Isolate Voice Frequencies
Highpass filters block or reduce frequencies below a cutoff value and lowpass frequencies do the same for frequencies above a give value. The human voice’s primary frequency range is in the 80Hz to 255Hz range, but sibilants can get up towards 10kHz.
Non-voice frequencies can be supressed with: highpass=3000, lowpass=80
The default behaviour of these filters does not completely remove the undesired frequencies, it only attenuates them. Multiple iterations of highpass and lowpass filter can be used to further attenuate the undesired frequency ranges.
Trim Silences
Audio can often have long silences at the beginning or end of the file, and some might have long silences between sections of the audio.
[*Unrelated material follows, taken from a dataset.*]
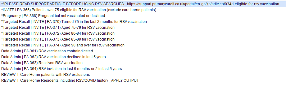The new vaccination programme against Respiratory Syncytial Virus (RSV) goes live in September 2024. In preparation for this new line of work, Primary Care IT has produced this folder of searches to support call and recall activities.

Leading and Trailing Silences
The first two examples from the documentation1 can be combined to trim leading and trailing silence:
silenceremove=start_periods=1: stop_periods=-1: start_threshold=-30dB: stop_threshold=-30dB: start_silence=1: stop_silence=2
Detect and Shorten Silences
The silenceremove
filter can also be used to detect periods of silence in the middle of the file:
silenceremove=detection=peak: stop_periods=-1: stop_threshold=-30dB: stop_duration=1.5
Using stop_periods=-1
allows the filter to work in the middle of the file.
Volume Normalization
Normalizing the volume to bring the peak to somewhere between -1dB to -6dB is generally advised. (The gap between this peak and 0dB is referred to as headroom.
There are several methods, some require one pass over the audio and others require two passes.
The simplest method is to use volumedetect
to find the max_volume
followed by the volume
filter to lower or raise the peak to the required level.
The loudnorm
filter can be run in one- or two-pass mode. In single pass a fixed length window is used. In two pass mode measured values from the first pass are used.
Note: The default settings for LRA
and TP
are reasonable. The default I
value is based on the EBU R128 standard, but most podcasts and online media use a value closer to I=-16
2. Setting dual_mono=true
should be done if the audio has been converted to mono3.
The dynloudnorm
filter could also be used. It gives more control over the window size.
Method 1 - volumedetect
After the previous steps, run:
ffmpeg -i input.mp3 -af "volumedetect" -vn -sn -dn -f null /dev/null
Note: If the max_volume
is reported as 0.0dB, then the true peak might be above zero.
If the max_volume
is not in the proper range, then add or remove dB as needed:
ffmpeg -i input.mp3 -af "volume=5dB" output.mp3
Method 2 - ‘loudnorm’
For a single-pass, run:
ffmpeg -i input.mp3 -af "loudnorm=I=-16:dual_mono=true" output.mp3
For a two-pass workflow, run:
ffmpeg -i input.mp3 -af "loudnorm=print_format=json" -f null -
This prints a series of values to the terminal in the JSON format. Use those as the measured values to run:
ffmpeg -i input.mp3 -af "loudnorm=I=-16:TP=-1.5:LRA=7:measured_I=-17.0:measured_TP=-2.0measured_LRA=12.0:measured_thresh=-27.0:offset=1.0" output.mp3
The I=-20:TP=-1.5:LRA=8
values are reasonable settings for spoken word audio.